Im Anschluss widmeten sich Referentinnen und Referenten den einzelnen Teilbereichen der Digitalisierung im Bauwesen. Beleuchtet wurden im Themenbereich Digitale Fertigung unter anderem die Chancen und Lösungsansätze der Robotik, Automation und Vorfertigung zur Bewältigung von Herausforderungen wie z. B. Wohnungsengpässe in Ballungsregionen, bezahlbares Bauen und Wohnen, Baumängel, Bauverzögerungen, Baukostenüberschreitungen und Fachkräftemangel. Prof. Dr.-Ing. Thomas Bock zeigte internationale Beispiele für den Robotereinsatz in der Vorfertigung, vor Ort, im Gebäudebetrieb und dem nachhaltigen Um- und Rückbau. Außerdem erläuterte Prof. Achim Menges anhand von zwei Pilotprojekten, dass durch einen systematischen, ganzheitlichen und integrativen computerbasierten Ansatz die methodischen Grundlagen für eine umfassende Modernisierung des Bauwesens gelegt werden können.
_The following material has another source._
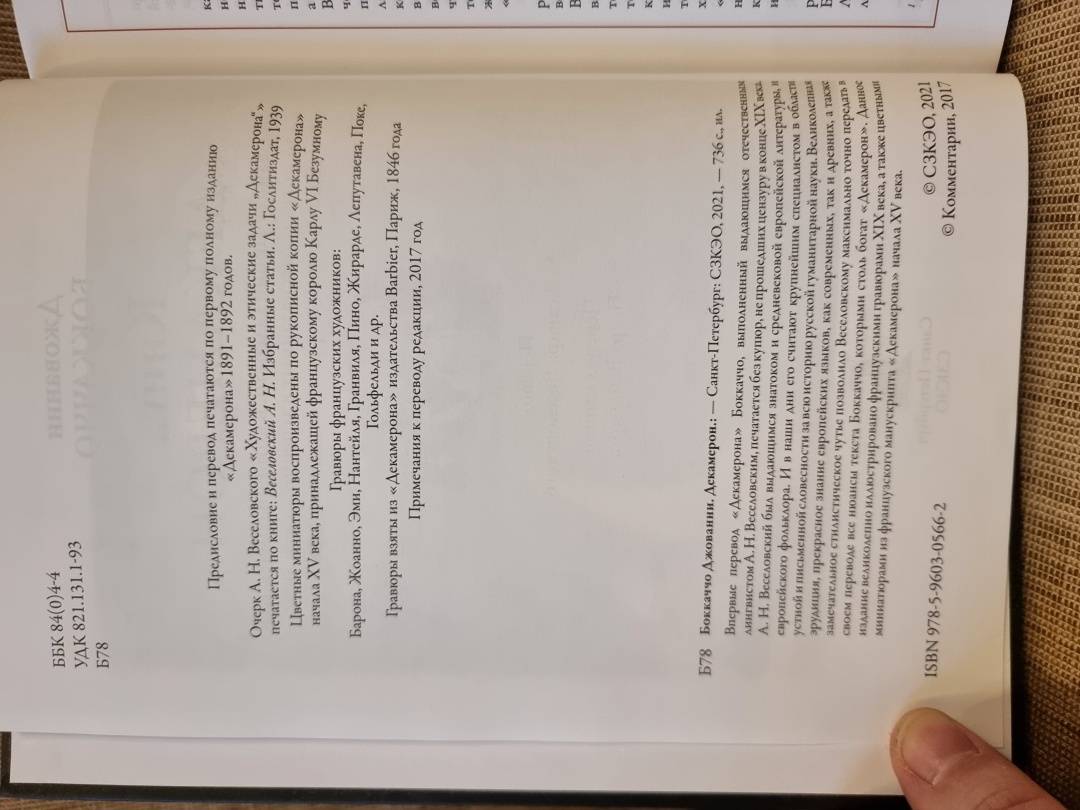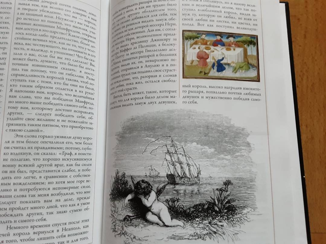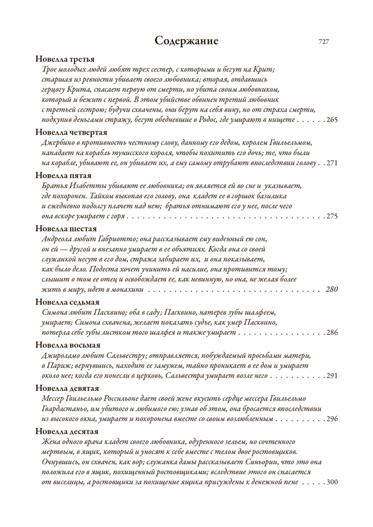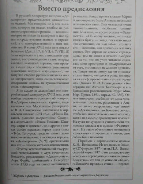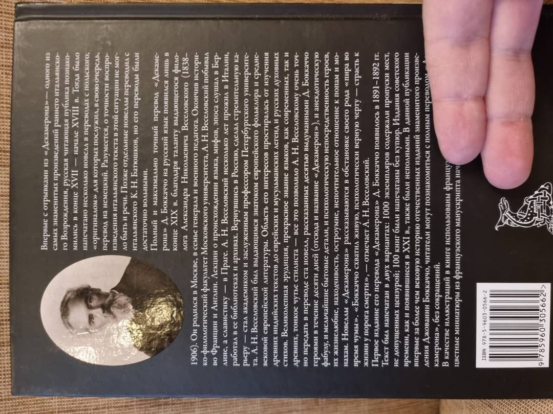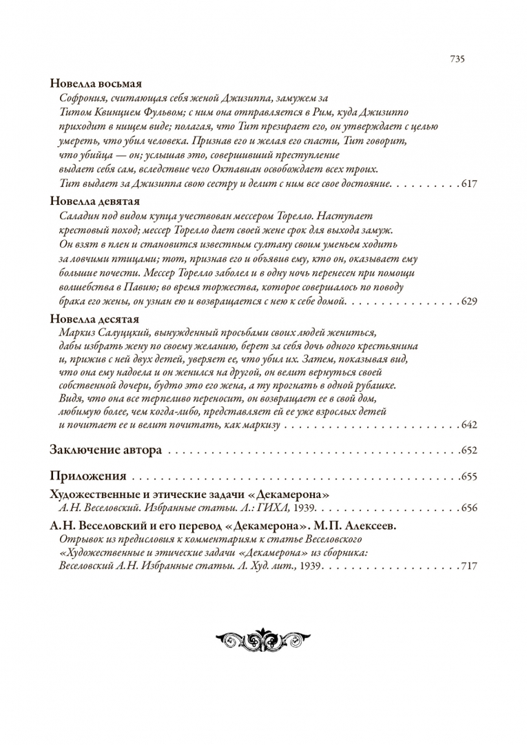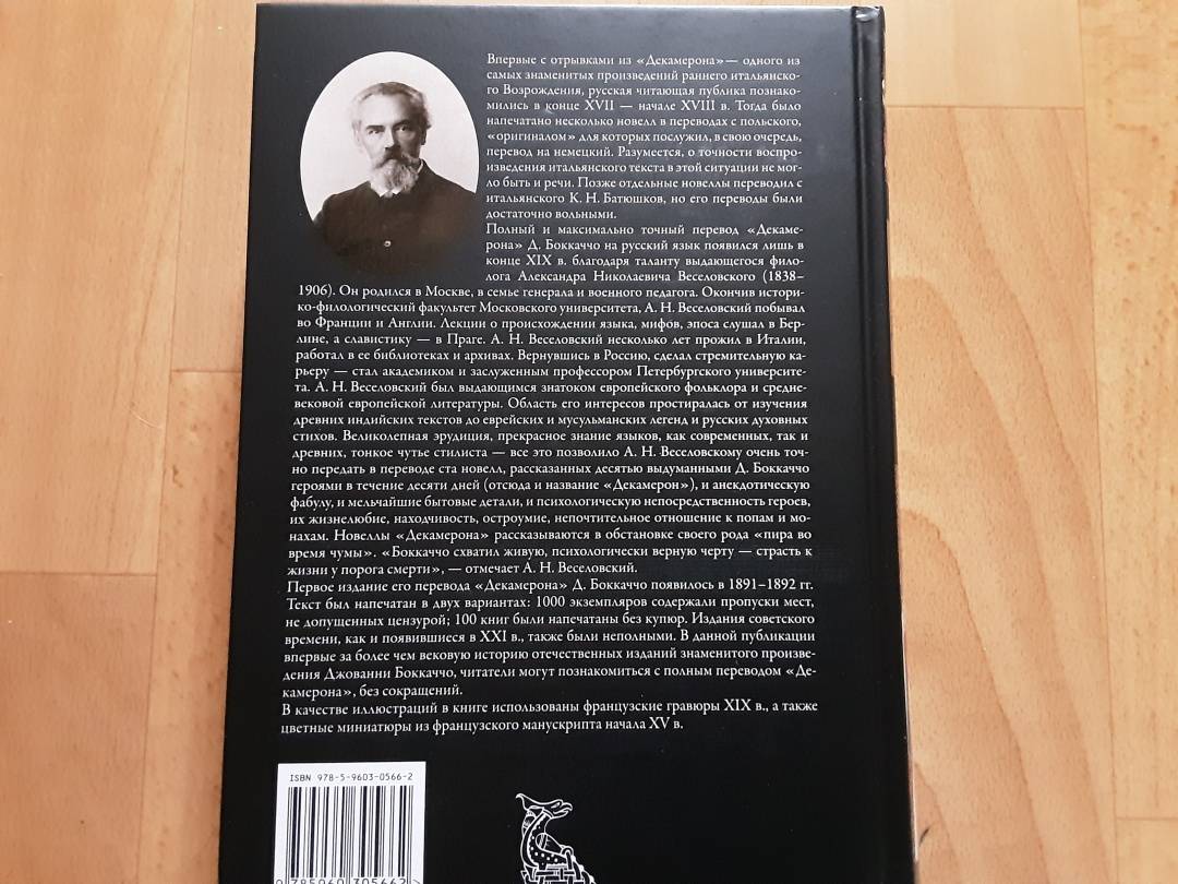 ОписаниеВпервые с отрывками из "Декамерона" - одного из самых знаменитых произведений раннего итальянского Возрождения, русская читающая публика познакомилась в конце XVII века. Именно тогда было напечатано несколько новелл Боккаччо в переводах с польского, оригиналом для которых послужил перевод на немецкий. Разумеется, о точности воспроизведения итальянского оригинала в этой ситуации не могло быть и речи. Позже отдельными новеллами занимался Батюшков, но его переводы были достаточно вольными.Максимально точное изложение всего "Декамерона" на русском языке появилось лишь в самом конце XIX века благодаря талантам выдающегося отечественного филолога Александра Николаевича Веселовского. Будущий блестящий лингвист появился на свет в 1838 году в Москве в генеральской семье. Окончив историко-филологический факультет Московского университета, побывал во Франции и Англии. В Берлине он изучал лекции о происхождения языка, мифов, эпоса, а славистику - в Праге. Позже Веселовский несколько лет жил в Италии, работая в ее библиотеках и архивах. Вернувшись в Россию, он сделал стремительную академическую карьеру, став академиком и заслуженным профессором Петербургского университета. Веселовский был выдающимся знатоком и средневековой европейской литературы, и европейского фольклора. Область его интересов простиралась от изучения древних индийских текстов до еврейских и мусульманских легенд и русских духовных стихов. И в наши дни его считают крупнейшим специалистом в области устной и письменной словесности за всю историю русской гуманитарной науки. Великолепная эрудиция, прекрасное знание европейских языков, как современных, так и древних, а также замечательное стилистическое чутье позволило Веселовскому максимально точно передать в своем переводе все нюансы текста Боккаччо, которыми столь богат "Декамерон".Первое издание его перевода появилось в 1891-1892 гг. Текст был напечатан в двух вариантах; 1000 экземпляров содержали пропуски мест, не допущенных цензурой, и лишь 100 книг были напечатаны без купюр. Примечательно, что издания советского времени, как и публикации "Декамерона", появившиеся уже в XXI веке, также были неполными. Данная публикация лишена этого недостатка. Впервые за более чем вековую историю отечественных изданий знаменитого произведения Боккаччо, читатели могут познакомиться с полным переводом "Декамерона" без каких-либо сокращений.Данное издание великолепно иллюстрировано французскими гравюрами XIX века, а также цветными миниатюрами из французского манускрипта начала XV века.СвернутьВпервые с отрывками из "Декамерона" - одного из самых знаменитых произведений раннего итальянского Возрождения, русская читающая публика познакомилась в конце XVII века. Именно тогда было напечатано несколько новелл Боккаччо в переводах с польского, оригиналом для которых послужил перевод на немецкий. Разумеется, о точности воспроизведения итальянского оригинала в этой ситуации не могло быть и речи. Позже отдельными новеллами занимался Батюшков, но его переводы были достаточно вольными.Максимально точное изложение всего "Декамерона" на русском языке появилось лишь в самом конце XIX века благодаря талантам выдающегося отечественного филолога Александра Николаевича Веселовского. Будущий блестящий лингвист появился на свет в 1838 г

Als Schwerpunkt im Themenbereich Digitales Planen behandelten die Referentinnen und Referenten die Implementierung der Methode des Building Information Modeling (BIM) in Planungs- und Bauprozesse als auch deren konkreter Mehrwert für Planungsbüros. Ajna Nickau, DhochN Digital Engineering GmbH, betonte die vielfältigen Möglichkeiten von BIM. Auch Wilhelmina Katzschmann, Vizepräsidentin der Ingenieurkammer Rheinland- Pfalz unterstrich, dass die BIM-Planungsmethode eine der größten Chancen der Baubranche darstelle. Matthias Reif berichtete anhand von konkreten Beispielen aus dem öffentlichen Hochbau über seine Erfahrungen. „BIM einfach machen“ ist sein Fazit. Andreas Thun, Vorsitzender der GF Berliner Luft Technik GmbH skizzierte die Herausforderungen von BIM aus Sicht eines Herstellers von TGA-Produkten. Digitale Modelle zur Zusammenarbeit von Planern, Herstellern und Ausführenden stellte Prof. Dr.-Ing. Wolfgang Huhnt, TU-Berlin vor. Übereinstimmend wurde festgestellt, dass sich weder planende Berufe noch ausführende Firmen und ebensowenig Produkthersteller und Bauherren dem digitalen Wandel im Bauwesen entziehen können. Dies griff die abschließende Podiumsdiskussion auf. Die Teilnehmer betonten, dass die Technik zwar vermeintlich im Vordergrund stehe, es aber vielmehr um sich ändernde Prozesse und vor allem um die Zusammenarbeit der am Bau Beteiligten gehe. Für eine erfolgreiche Digitalisierung sei es entscheidend, wie sie implementiert würde. Es müssen praxisorientierte Methoden und Prozesse implementiert werden, bei der alle mitgenommen werden.